Release early and release often as a way to be able to quickly add new features for the future, fix problems for the current software and to prevent that software becomes obsolete ("end of life"). The perpetual beta as the new adagium. Where flickr was able to deploy during it's booming period a new codebase every 15 minutes, Microsoft was able to make a new operating 7 years. One is using the "service" (cloud) way of offering it's software, the other is using the "fat client" approach. So on one hand proprietary fat client software s facing competition from cloud based services. Sure Google Docs is not as feature rich or reliable as the Office suite of Microsoft but most agree that this is just a question of time and network reliability; in due time Google Apps will be good enough for the masses. Mind you, most if not all cloud services are proprietary and are doing well; salesforce as the most prominent example.

On the other hand, proprietary software faces problems from the Open Source alternatives. OpenOffice.org is a real competitor for MS-Office, the Ubuntu distribution beats Microsoft in many areas and MySQL is giving the absurd licence fees of Oracle a hard time. If proprietary closed source software wants to stay in business, they have to move. Not to a "long tail" niche but in the other direction, to the left side of the tail where you can offer a highly standardised yet customisable version of their product. That way they are able to release early and often and go for a low margin per product sold but sell a lot. So I do think that closed source software has to move towards a service model, away from the client into the data centre.

This means that the other trend (Open Source Software) -that has written "release early and often" written all over it- will dominate the Do It Yourself area. OSS will be used by people and companies that have time and resources to fulfill their needs via highly customisable software. You will see this first with applications that are by nature webbased; the can move to the cloud with less legacy baggage. Software with much interaction with local legacy products will follow later, much later in some case So Office Automation for existing companies will take some serious time to migrate to the cloud since hybrid solutions (some data local, some in the cloud) will be rather expensive and complex to many from security, identity and manageability point of view.
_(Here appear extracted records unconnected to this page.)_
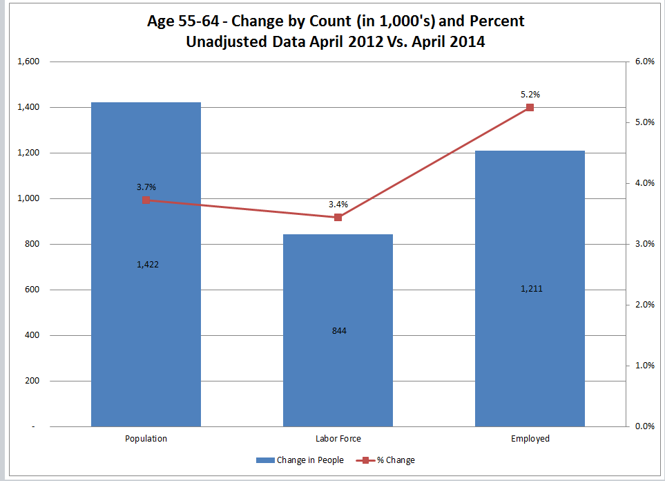 Population in age group 55-64 is up by 1,422,000 and employment is up by 1,211,000. Percentage-wise population is up by 3.7%, while employment is up 5.2%. This is a huge difference compared to stats for the core age group 25-54. We would need a finer breakdown to see if retirement is pushed back in the 62-64 age group but other evidence, notably the 65+ age group strongly suggests just that.
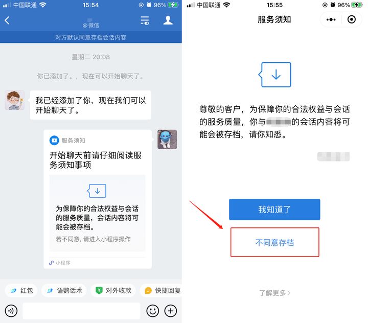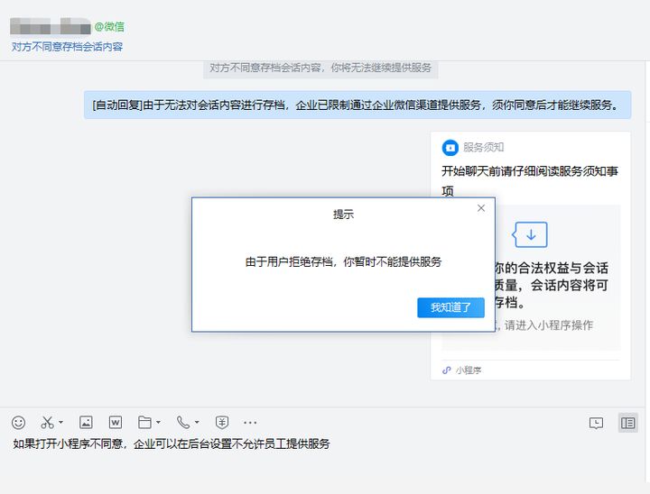 其实如果客户不进行其他操作,系统就会默认为同意存档,并且企业可以在企业微信管理后台设置【当外部联系人不同意存档时,限制员工提供服务】。
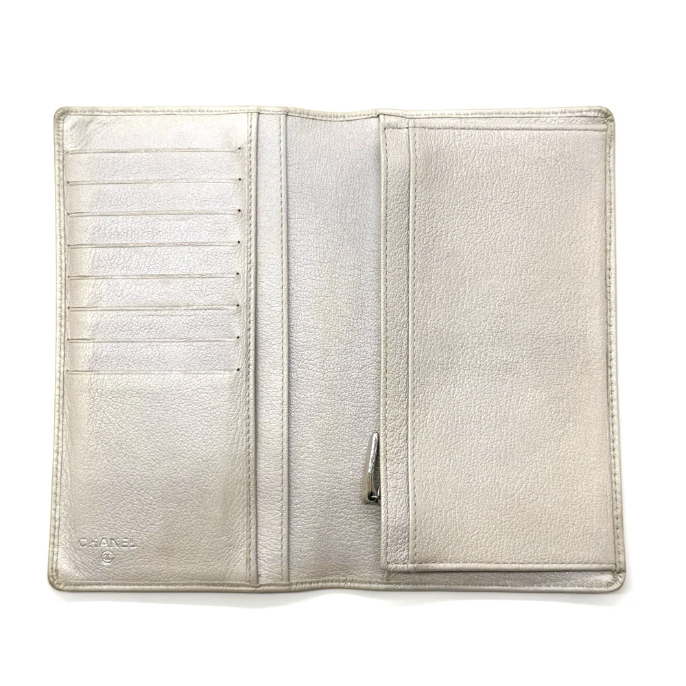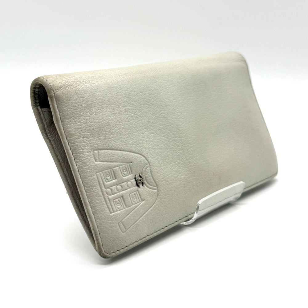 CHANEL Authentic Coco Mark Leather Long Wallet Beige with Coco Button

One of the webbased applications that will dominte the "DIY" will be Drupal. It i already the best Content Mangement System ("looking outside") on the market and it is moving more in the direction of the core of business processes ("looking inside"). Drupal will more and more be used as both a frontend system and a backend system; a system where you can aggregate and enrich data for internal use that can be pushed towards for example an external Drupal site.


If you follow this logic (proprietary moving towards commodity cloud service, Open Source solutions towards customisable client service) you might conclude with me that Open Surce CMS-es have nothing to fear from closed source CMS-es like sharepoint. Sharepoint will be the shell around your office data if you want to use that from a cloud perspective, Drupal will be used by enthusiast and enterprises that need more power and have more resources to kickstart and operate that power.

So some people will use an iPhone and the cloud service "Mobile me", others will build Android. Some will use digital TV solutons from their cable providers, others will build MythTV. Some will run an OpenID service themselves, others will use it from a Google/Yahoo! And some will use voicemail (the most used cloud service in the world) and others prefer a local answering machine. I, I use all kind of differtent services, cloud and local, like most people will do.

PS: This posting as very late for last years' Drupal prediction posting or very early for next year, whatever makes more sense to you

PPS: Sure, you can have Open Source "SaaS" solutions as well, for example hosted and managed Drupal instalations but it will be a niche crossover, if that makes sense to you. Also, when I say "build", it can also mean "let other build", aka buy.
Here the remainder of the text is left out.